--- What is being asked ---
Write out the data exactly as given, dropping every picture.
(Beginning of Data segment)
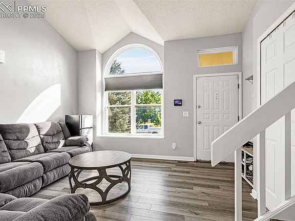 Step into a tri-level layout that’s not just functional—it flows. Vaulted ceilings, skylights, and sleek brand-new laminate flooring create a bright, welcoming feel from the moment you enter. The living and dining spaces are perfectly poised for weekday comfort or hosting friends with ease. The kitchen is clean, open, and equipped with built-in appliances—thoughtfully designed for both everyday meals and weekend gatherings. On the lower level, relax in a cozy family room complete with a wood-burning fireplace and sliding doors that lead to your private patio. Whether you're winding down indoors or heading out for fresh air, this space blends both seamlessly. Upstairs, the primary suite is your personal retreat: plush carpet, a roomy closet, and an attached bathroom. Two additional bedrooms—with roomy closets and shared bath—give everyone space to stretch out and breathe. Outside, enjoy a peaceful backyard with a new sliding door, perfect for sipping coffee, grilling under the stars, or just relaxing—no HOA, and amazing Front Range and Pikes Peak views to elevate every moment. For added peace of mind, a newer roof stands ready to protect your investment. Located in the desirable Colorado Centre neighborhood, this home is just minutes from military bases, shopping, schools, and entertainment—yet it still offers a comfortable, everyday retreat. Schedule your private showing today!
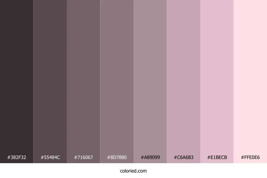 ![]() | #382F32 | 56, 47, 50 | 340, 9%, 20% | 0%, 16%, 11%, 78% | oklch(0.316 0.014 356) |
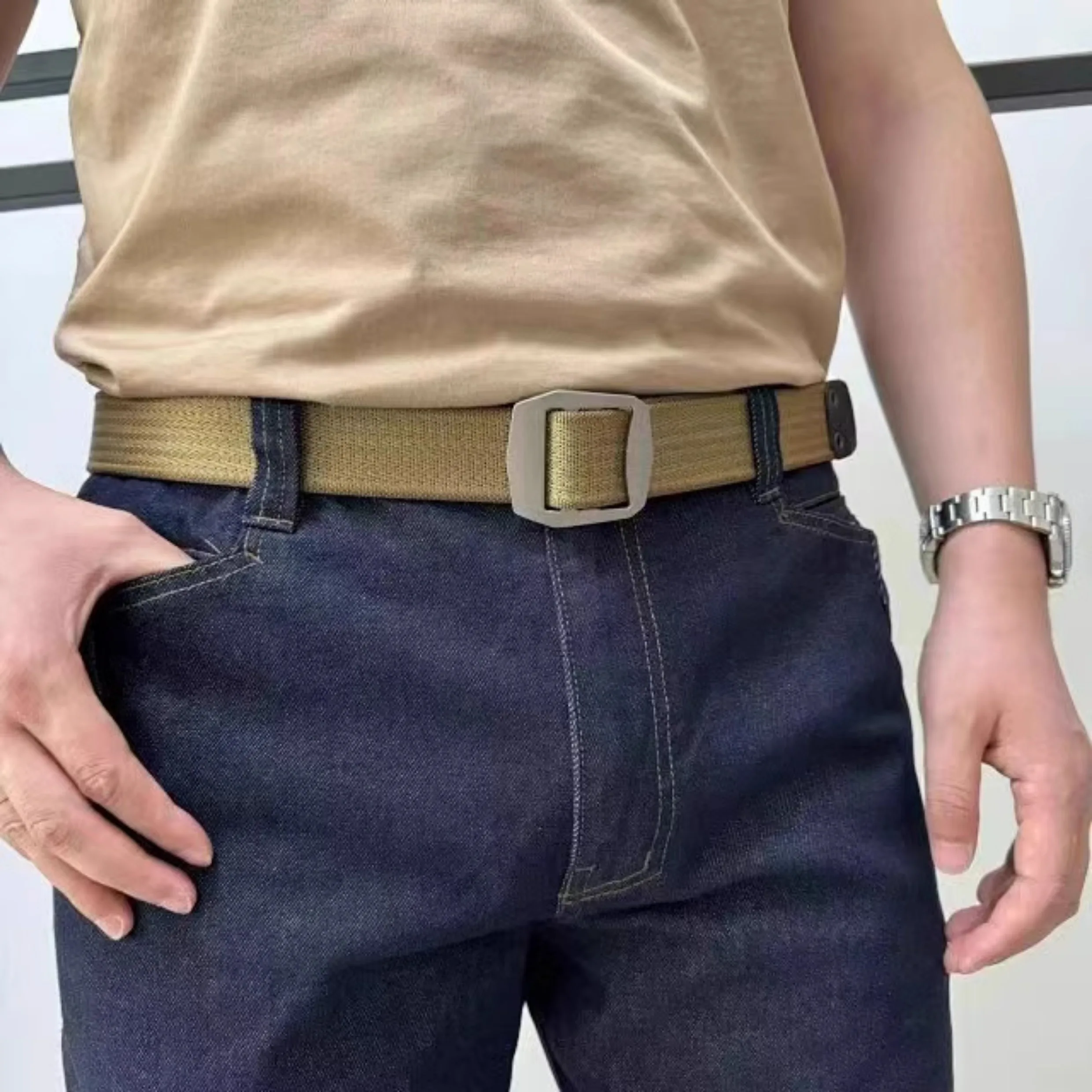 Cinturón táctico de titanio, cinturón de nailon elástico para hombre, cinturón tejido de lona para deportes al aire libre
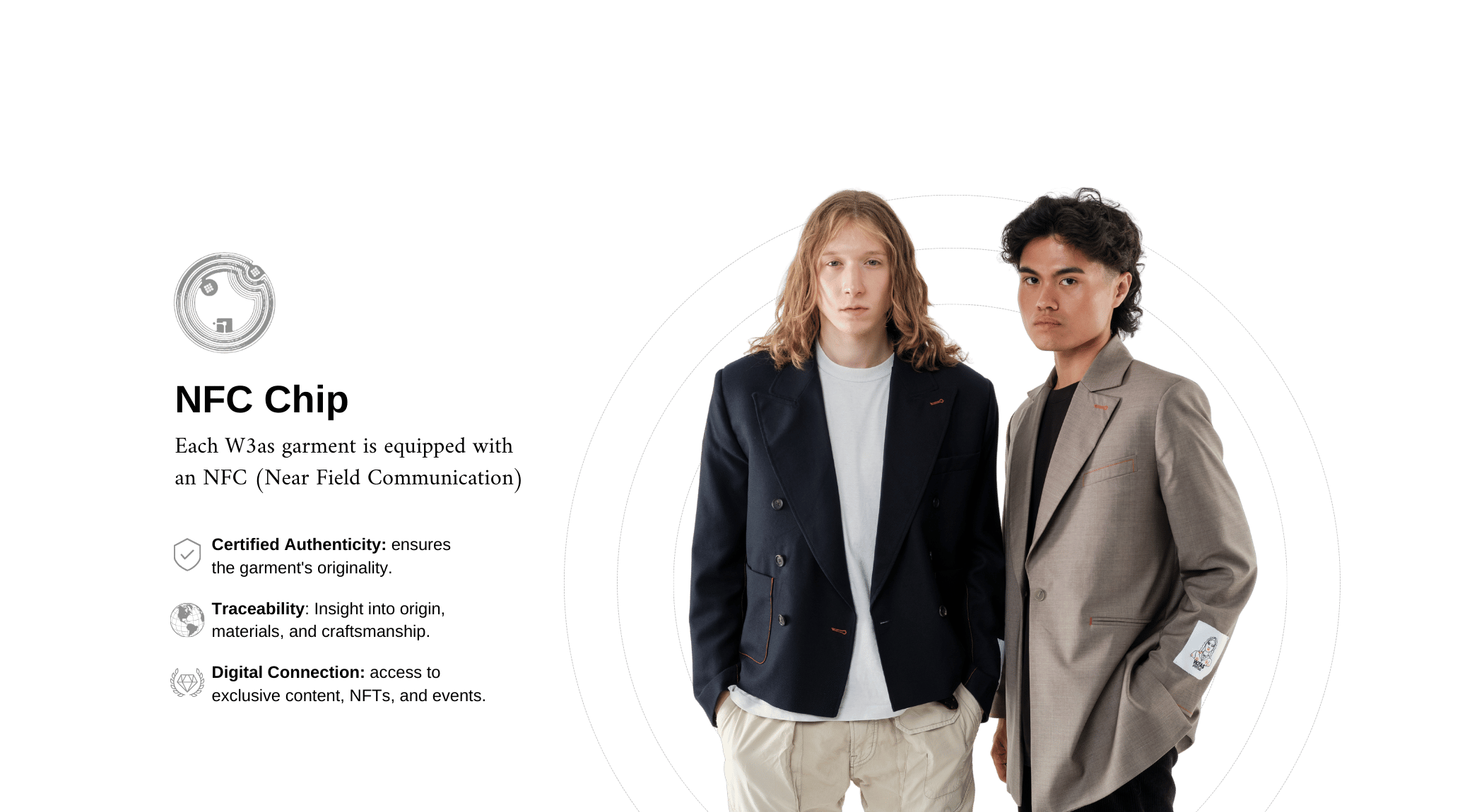 Each garment features an NFC chip, seamlessly merging timeless craftsmanship with innovative technology. A simple tap with your smartphone grants exclusive insights: detailed product information, access to W3as NFTs, or invitations to special client-only events!
(End of Data segment)
--- Your response ---
 Step into a tri-level layout that’s not just functional—it flows. Vaulted ceilings, skylights, and sleek brand-new laminate flooring create a bright, welcoming feel from the moment you enter. The living and dining spaces are perfectly poised for weekday comfort or hosting friends with ease. The kitchen is clean, open, and equipped with built-in appliances—thoughtfully designed for both everyday meals and weekend gatherings. On the lower level, relax in a cozy family room complete with a wood-burning fireplace and sliding doors that lead to your private patio. Whether you're winding down indoors or heading out for fresh air, this space blends both seamlessly. Upstairs, the primary suite is your personal retreat: plush carpet, a roomy closet, and an attached bathroom. Two additional bedrooms—with roomy closets and shared bath—give everyone space to stretch out and breathe. Outside, enjoy a peaceful backyard with a new sliding door, perfect for sipping coffee, grilling under the stars, or just relaxing—no HOA, and amazing Front Range and Pikes Peak views to elevate every moment. For added peace of mind, a newer roof stands ready to protect your investment. Located in the desirable Colorado Centre neighborhood, this home is just minutes from military bases, shopping, schools, and entertainment—yet it still offers a comfortable, everyday retreat. Schedule your private showing today!
 ![]() | #382F32 | 56, 47, 50 | 340, 9%, 20% | 0%, 16%, 11%, 78% | oklch(0.316 0.014 356) |
 Cinturón táctico de titanio, cinturón de nailon elástico para hombre, cinturón tejido de lona para deportes al aire libre
 Each garment features an NFC chip, seamlessly merging timeless craftsmanship with innovative technology. A simple tap with your smartphone grants exclusive insights: detailed product information, access to W3as NFTs, or invitations to special client-only events!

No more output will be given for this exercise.